Europe needs tenure track to keep young talent, says EPFL head

Continental system is critical to stop drain to US, Patrick Aebischer argues

May 14, 2015

Source: Reuters

Upward mobility: leader calls for institutions where staff can rise on merit

The head of the highest ranked young university in the world has called for the implementation of a Europe-wide tenure track system to stop junior staff moving across the Atlantic to advance their careers.

Patrick Aebischer, president of Switzerland’s École Polytechnique Fédérale de Lausanne – which topped Times Higher Education’s 100 Under 50 rankings this year – said that Europe’s universities needed to create a “real market for faculty” or risk losing talented staff to the US.

During his keynote speech at THE’s Young Universities Summit in Dublin, he said: “For my generation, you had to go to the United States to make a name for yourself, to become a world-class faculty. I spent 10 years in the States.

“If we can, in Europe, compete so that the younger generation don’t feel it is necessary to go to the US, but that they can stay at our universities and make their way up the ladder, I think Europe will have won.”

He added: “My dream is to have a European-wide tenure track system for junior faculty. I think this is absolutely critical.”

Professor Aebischer cited EPFL’s decision to focus on faculty, including introducing tenure-track assistant professorships, as the “number one thing that has changed our institution”. He said such a system could be implemented by agreements between countries, although he said that “the last thing I would like” would be legislation on the issue.

Junior posts leading directly to permanent positions have been the norm in North America for many years, but they remain rare in some European countries – and this, Professor Aebischer said, had to change.

“We went to the States because that was the only way we could both become independent and make our careers. In Europe, you are much more the assistant to the professor than an independent professor…Europe does a good job for undergraduates but does not do such a good job at the graduate level.”

At EPFL, one-third of staff are in junior posts, and the rest have been promoted, said Professor Aebischer, who called this system “sustainable”.

“[Tenure track] was part of my aim to transform EPFL into a world-class technical research university,” he continued, adding that he was a “strong believer” in having more academics in permanent positions rather than throwing resources at one senior professor with scores of assistants. As a young institution, “you cannot immediately attract the best students…first you have to attract the right faculty.”
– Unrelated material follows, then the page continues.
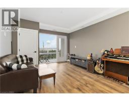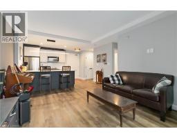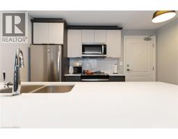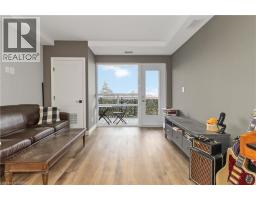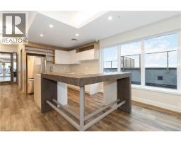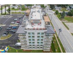 One of the most sought after condominium developments in Brantford with truly amazing amenities! Fourth floor for this premium one bedroom one bath apartment. Welcome to The Landing offering a wonderful roof top patio equipt with outdoor lounging, shared BBQs and an indoor gathering area with kitchen, sitting areas and pool table room with a TV! This building aslo boasts a fully equipt fitness gym, speakeasy for group parties and quiet library. Located right off HWY 403 this location is perfectly situated close to great schools, parks, shopping and restaurants. Quality finishes through out including vinyl plank luxury flooring an open concept great room with modern kitchen having a peninsula island with seating and b-in s.s dishwasher w/s.s appliances included. Walk out to your private covered balcony with extraordinary views. Large principle bedroom with walk in closet. Convenient in-suite laundry closet. Upgraded builders package. The tenant will be vacating on April 30th 2026. (id:47351)
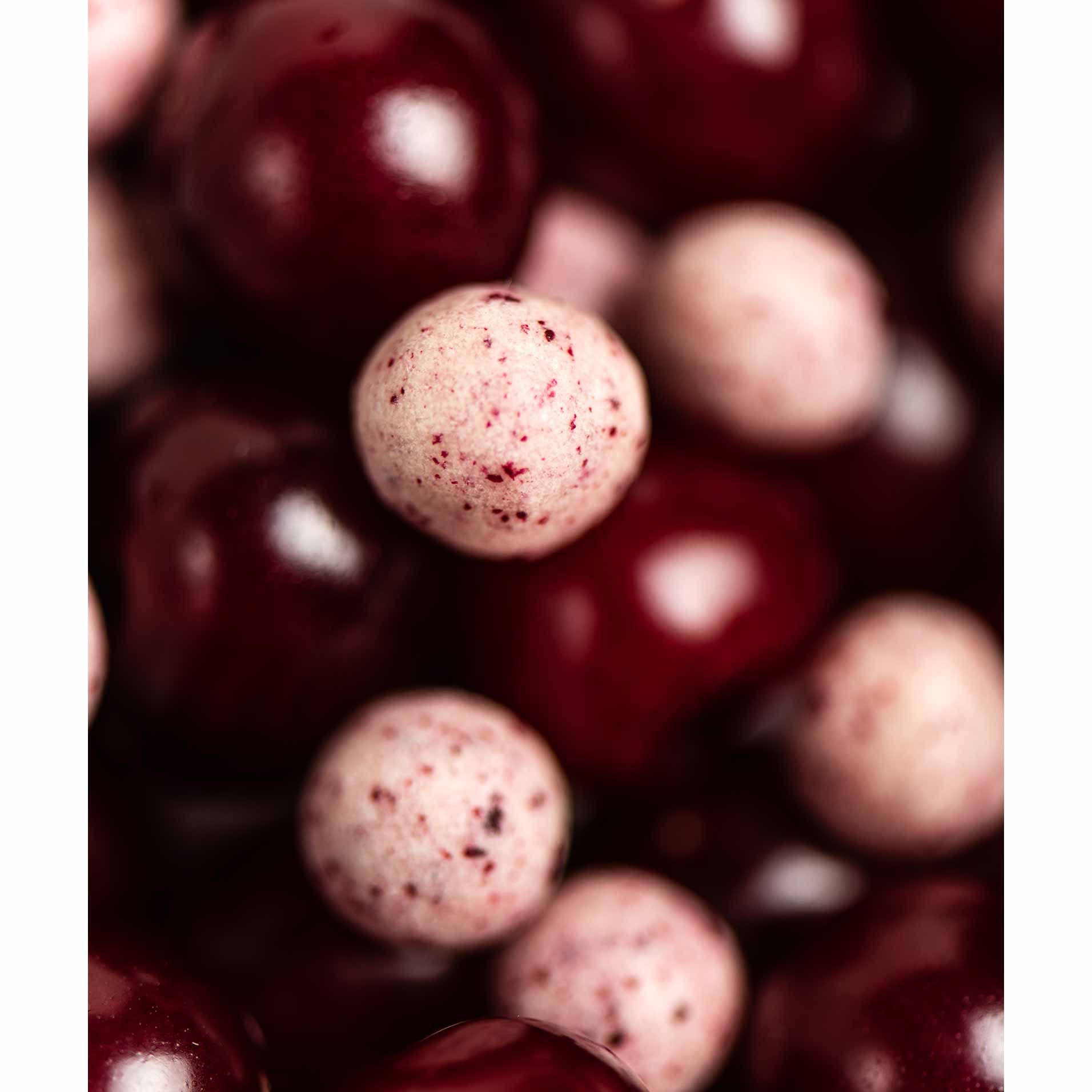 Какао-масло, фруктоолигосахариды, молоко сухое, изомальтулоза, отруби хрустящие с инулином (мука ржаная, отруби пшеничные пищевые, инулин), порошок из сушеных ягод черники, малины, клубники, ежевики и бузины (ягодная смесь), глянцеватель «Квик-шайн», аскорбат натрия, ароматизатор пищевой натуральный «Вишня».

Professor Aebischer said Europe should focus on creating “nice places, where staff can go up the ladder according to merit”, that have a good funding system – “like it is in the US”.

“I think this is finally starting to happen in Europe; that’s why I want to put this tenure track together to give a chance to young Europeans to make their way up. I hope this will not just be in Western Europe. We have to include Eastern Europe, too.”